Le basculement du fait religieux en France

Source [letelegramme.fr] « Décrochage » du catholicisme, progression des « sans religions », essor de certaines croyances, brouillage des frontières : l’époque est marquée par plusieurs « reconfigurations » du religieux, affirment deux sociologues, dressant un portrait détaillé de la France de 2021 dans ce domaine.

Jean-Paul Willaime et Philippe Portier, respectivement directeur d’études émérite et directeur d’études à l’École pratique des hautes études, auteurs de « La religion dans la France contemporaine » (Armand Colin, 2021) expliquent combien « la façon d’être religieux, ou de ne pas l’être », a littéralement changé depuis quatre décennies.

Trois tendances fortes

Fait déjà connu, ils notent une « très forte "décatholicisation" de la société ». En 1981, 70 % des Français se disaient catholiques mais ils ne sont plus que 32 % actuellement, rappellent-ils, se basant sur les enquêtes européennes EV

Ils observent aussi une importante croissance des personnes se déclarant « sans religion » : les « sans religion indifférents », qui sont 37 % (contre 18 % en 1981), et les « athées convaincus », qui représentent 21 % (9 % en 1981).

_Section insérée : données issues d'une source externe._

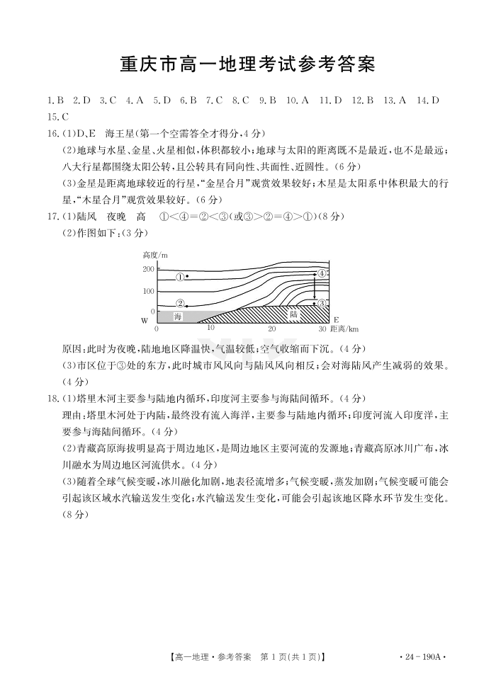 重庆市云阳县、梁平区等地 2023-2024学年高一上学期12月月考地理答案
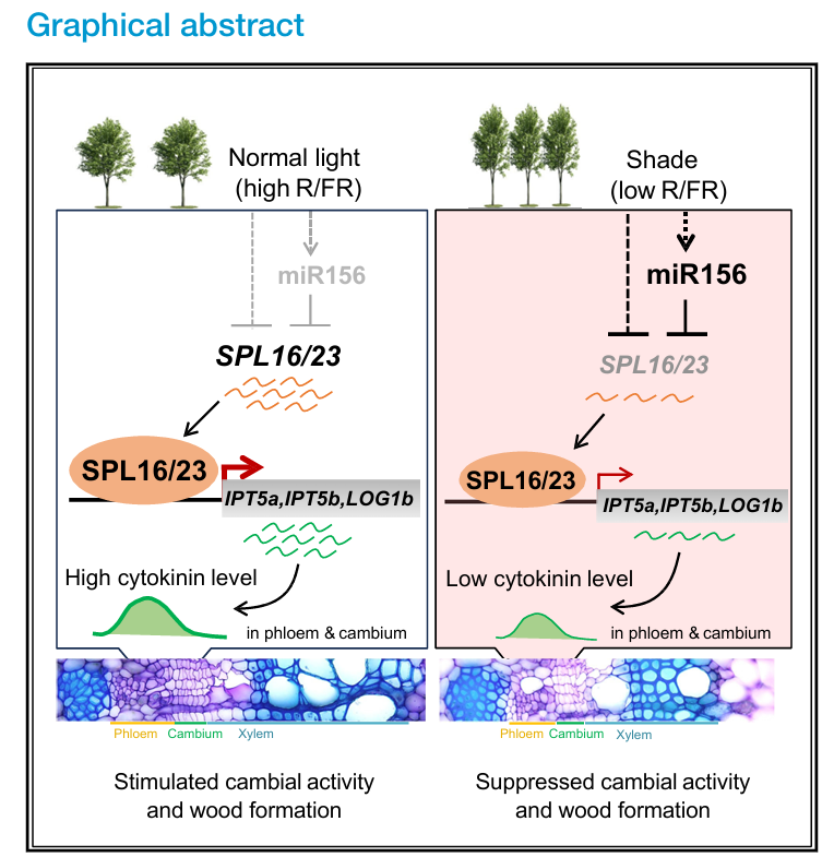 本研究通过天然林分密度梯度与人工模拟遮荫实验相结合,系统解析了遮荫(低R/FR比值)对毛白杨形成层活性和次生木质部发育的影响。结果显示,模拟遮荫导致茎韧皮部和形成层中miR156水平显著升高,其靶基因SPL16和SPL23的转录水平显著下调,进而抑制了形成层细胞的分裂与分化。此外,遮荫通过抑制杨树茎中细胞分裂素(CK)生物合成关键基因IPT5a、IPT5b和LOG1b的表达,降低了活性CK的含量水平。功能验证表明,在韧皮部中特异表达SPL16或CK合成基因(IPT5b和LOG1b)能促进形成层活动,并有效抵消遮荫对细胞增殖和木质部发育的抑制作用。进一步的分子遗传分析证实,SPL16/23蛋白直接结合并激活IPT5a/IPT5b/LOG1b表达,增强CK合成,从而促进形成层增殖与分化过程。综上,本研究首次从 miR156 SPL16/23 IPT5/LOG1 CK 信号级联通路层面,完整解析了遮荫信号负向调控树木形成层活性与次生木质部发育的分子机制。
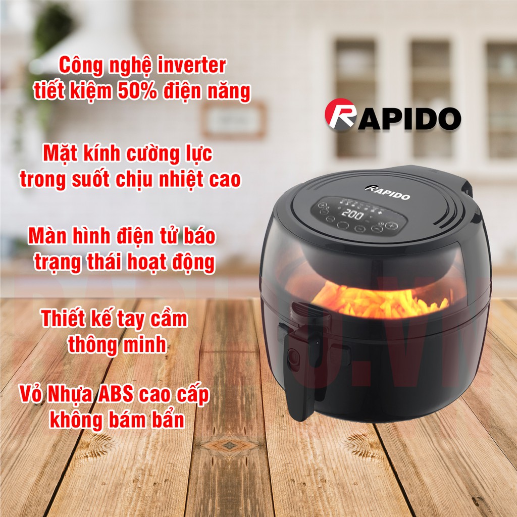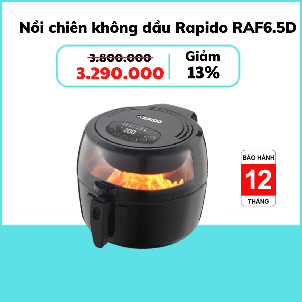 [Mã ELHADEV giảm 4% đơn 300K] [HÀNG CHÍNH HÃNG] Nồi chiên không dầu Rapido RAF6.5D-Điều khiển điện tử (Bảo hành 1 năm)
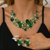 Set Colier Cercei Floare European și American, Bijuterii Rochie Gemă Cristal Colorat, Potrivire Femei Banchet Nupțial

Autre constat : la catégorie des autres religions (musulmans, protestants, juifs, etc.), progresse fortement, passant, en 70 ans, de 2 % à 10 % de la société. Une augmentation principalement due à la croissance du nombre de personnes se disant musulmanes (6 %) ou protestantes évangéliques (2 %).

Des « microminorités » religieuses ont aussi connu une forte hausse : on compte 155 000 Témoins de Jéhovah (contre 10 000 à la fin des années 1950) et 38 000 mormons (contre 1 000).

Au total, 36 % des Français se déclarent pratiquants réguliers et irréguliers, « soit plus du tiers de la population, ce n’est pas rien », estiment les auteurs.

« Pick and Collect »

Appartenance, croyance en un Dieu : les frontières peuvent être floues.

Les sans religion indifférents sont parfois agnostiques et en quête de spiritualité. Vingt-cinq pour cent d’entre eux disent croire en un Dieu…

D’un autre côté, 20 % de ceux qui se disent catholiques ne croient pas en Dieu. Cette appartenance sans croyance ni pratique correspond à « un catholicisme culturel ou d’héritage », expliquent les auteurs, dans leur livre.

Dans les deux cas, « on observe des attitudes de doute, de "probabilisme" (il est probable que Dieu n’existe pas/qu’il existe). Les croyants ont un rapport plus distancié vis-à-vis de la foi ; les sans religion ne rejettent pas nécessairement tout ce qui est métaphysique », souligne Philippe Portier.

« Les religions sont devenues impuissantes à édicter la norme, à imposer quoi que ce soit à une société profondément sécularisée. »

Autre exemple de cette « évolution dans la façon d’être religieux » : le bouddhisme (600 000 adeptes). « On n’appartient pas au bouddhisme comme on appartient au catholicisme », relève Jean-Paul Willaime. « C’est plus une méditation, une invitation à trouver la paix en soi ».

Il y a une « dimension "pick and collect", je suis en recherche, je suis en doute sur ma croyance, je prends, et, le dimanche suivant, je vais à un autre culte… », explique Philippe Portier. « Une personne qui suit une session bouddhique peut se retrouver, deux dimanches plus tard, à une messe catholique. »

Courants opposés

« Hier, le religieux était très lié à des institutions qui "donnaient la vérité" ». Aujourd’hui, il est de plus en plus "désinstitutionnalisé", laissant les individus choisir leur propre chemin spirituel », affirment les sociologues.

Ce chemin peut prendre la forme du courant « libéral », comme on le voit dans le judaïsme libéral incarné notamment par des femmes rabbins, ou, en islam avec le positionnement de femmes imames. Il y a là « une recherche de réinvention des traditions religieuses », souligne Jean-Paul Willaime.

Mais ce chemin peut aussi être « intégraliste, néo-orthodoxe », même s’il reste très minoritaire. Ce sont les catholiques identitaires, une partie du protestantisme évangélique, les juifs ultra-orthodoxes, l’islam fondamentaliste. « C’est une spiritualité de combat, de différenciation, d’affirmations de certitudes », selon les chercheurs.